Patients and methods
Clinicoradiological data of the present study were retrieved from the databases of two studies: 1) lung cancer screening trial called Multicentric Italian Lung Detection (MILD) trial, at the Fondazione IRCCS Istituto Nazionale dei Tumori of Milan and 2) CT study on patients with COPD, at the Academic Hospital of Parma. Both studies were approved by each institutional review board (Fondazione IRCCS Istituto Nazionale Tumori di Milano and Parma, repectively), and the written informed consent was waived for the retrospective examination of the analyzed data. The study cases included all the subjects with COPD consecutively recruited in the MILD trial between September 2005 and January 2013 (Figure 1). All analyses were performed using the 1:2 matched set between cases (MILDparticipants with airflow obstruction at baseline PFTs) and controls (MILDparticipants without airflow obstruction at baseline PFTs). Age (±5 years), sex, smoking status (ie, current or former smokers), and pack-years (±5) were used for matching cases to controls. MILD eligibility criteria included age 49–75 years, current or former smokers (having quit smoking within 10 years before the recruitment) with ≥20 pack-years of smoking history, and no history of cancer within the prior 5 years.
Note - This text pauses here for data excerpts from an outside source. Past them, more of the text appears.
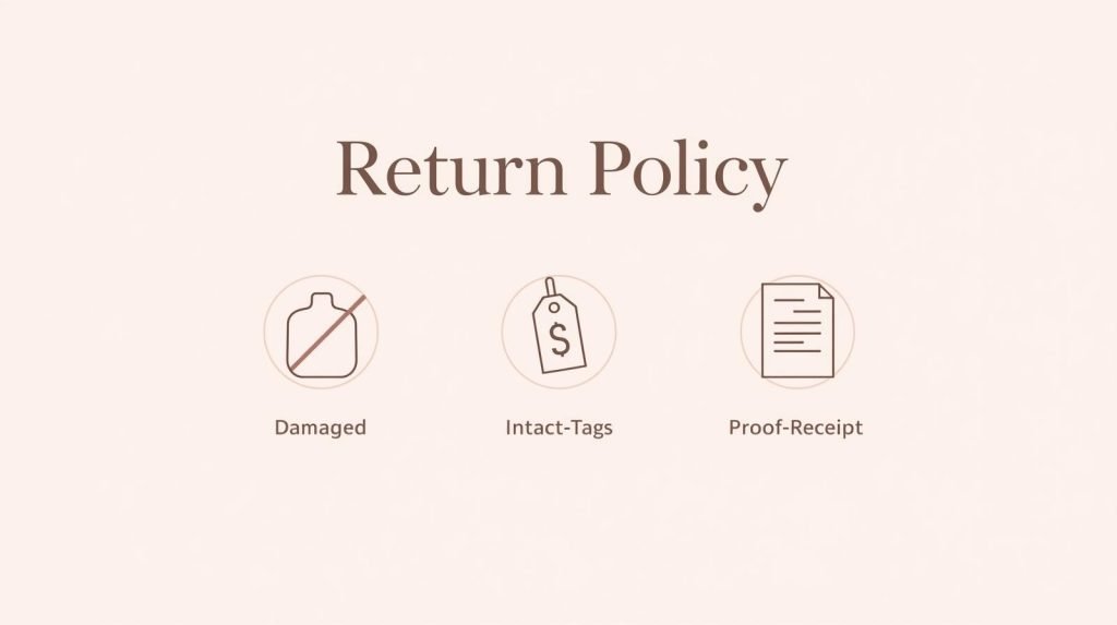 The item must be in the same condition you received it: unworn / unused, with tags still attached, and in the original packaging.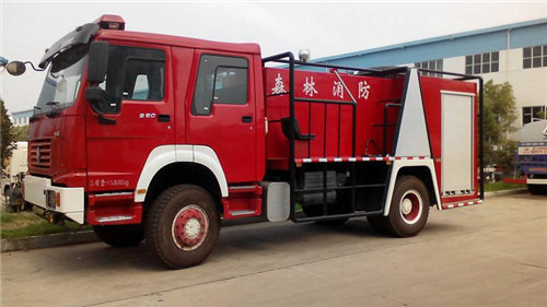 干粉消防車(chē):主要裝備干粉滅火劑罐及整套干粉噴射裝置、消防水泵和消防器材等,可以撲救可燃和易燃液體、可燃?xì)怏w火災(zāi)、帶電設(shè)備火災(zāi),也可以撲救一般物質(zhì)的火災(zāi)。對(duì)于大型化工管道火災(zāi),撲救效果尤為顯著,是石油化工企業(yè)常備的消防車(chē)。重汽豪沃7噸干粉二氧化碳消防車(chē)、重汽豪沃7噸干粉泡沫聯(lián)用消防車(chē)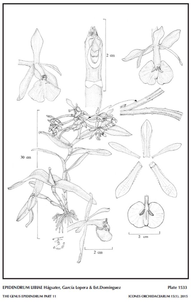 " Epidendrum libiae belongs to the GROUP Difforme which is characterized by the caespitose, sympodial plants, fleshy light green to glaucous leaves, apical inflorescence without any spathe, sessile, rarely with a short peduncle, one-flowered to corymbose, fleshy, and flowers green to yellowish-green, rarely white. The species is recognized by the laterally compressed stems, 9 to 10 simultaneous flowers, long ovary .244 to .26" [61 to 65 mm] long, scarcely ornamented with small irregular trichomes, sub-orbicular-reniform lip, with the sides obliquely revolute in natural position, with 3 thickened ribs in the middle, and additional somewhat thickened, low, radiating veins, clinandrium-hood 3-lobed, deeply fimbriate, the lateral lobes longer and narrower than the mid-lobe. It is reminiscent of Epidendrum pachyceras from Costa Rica and Panama, but that species has 1 to 3 flowers, elliptic sepals, linear-elliptic, single veined petals, a shorter ovary 1.12 to 2" [28 to 50 mm] long, and the lip does not show any evidently thickened veins, column .48 to .56" [12 to 14 mm] long, with obtuse petaloid wings, and the clinandrium dentate-fimbriate. Epidendrum pseudokillipii Hágsater & L. Sánchez, sympatric with this species has plants up to 15.2" [38 cm] tall, 2 to 3 flowers, sepals .68 to .72" [17 to 18 mm] long, a shorter ovary, 1 to 1.6" [25 to 40 mm] long, .26" [6.5 mm] wide petals with a somewhat irregular margin, the lip widely cordiform-reniform, the disc without ribs nor thickened veins, and a shorter, fimbriate clinandrium-hood. Epidendrum romero-castannedae Hágsater & L.Sánchez, found in the hills around the Gulf of Darién in eastern Panama and northern Colombia, including the Chocó, has shorter plants, 1 to 5 flowers, narrowly elliptic sepals and petals, a shorter ovary 1.4 to 2.2" [35 to 55 mm] long, and an obscurely 3-lobed, reniform lip with small calli, and radiating thickened veins, the margin somewhat undulate and a prominent, narrow, clinandrium-hood. Epidendrum vulgoamparoanum Hágsater & L.Sánchez found along the Pacific lowlands of Costa Rica and Panama in dry spiny forest generally has 3 to 5, rarely 10 flowers, elliptic sepals and petals, a shorter ovary 1.2 to 2.4" [30 to 60 mm] long, widely obovate, obscurely 3-lobed lip with the margin slightly undulate, small, sub-globose calli, and numerous thickened veins at the base, a prominent, entire clinandrium-hood, with the margin erose-fimbriate." Hagsater 2015

Details of MILD trial are given elsewhere.11,12 Part of the LDCTs of the MILD subjects included in this study population were also analyzed by other observers in a previous study addressing a similar hypothesis.8
Figure 1
A CONSORT diagram illustrating the selection of patients included in the data analysis.
Abbreviations: CONSORT, Consolidated Standards Of Reporting Trials; GOLD, Global Initiative for Chronic Obstructive Lung Disease; MILD, Multicentric Italian Lung Detection; GOLD-U, GOLD unclassified.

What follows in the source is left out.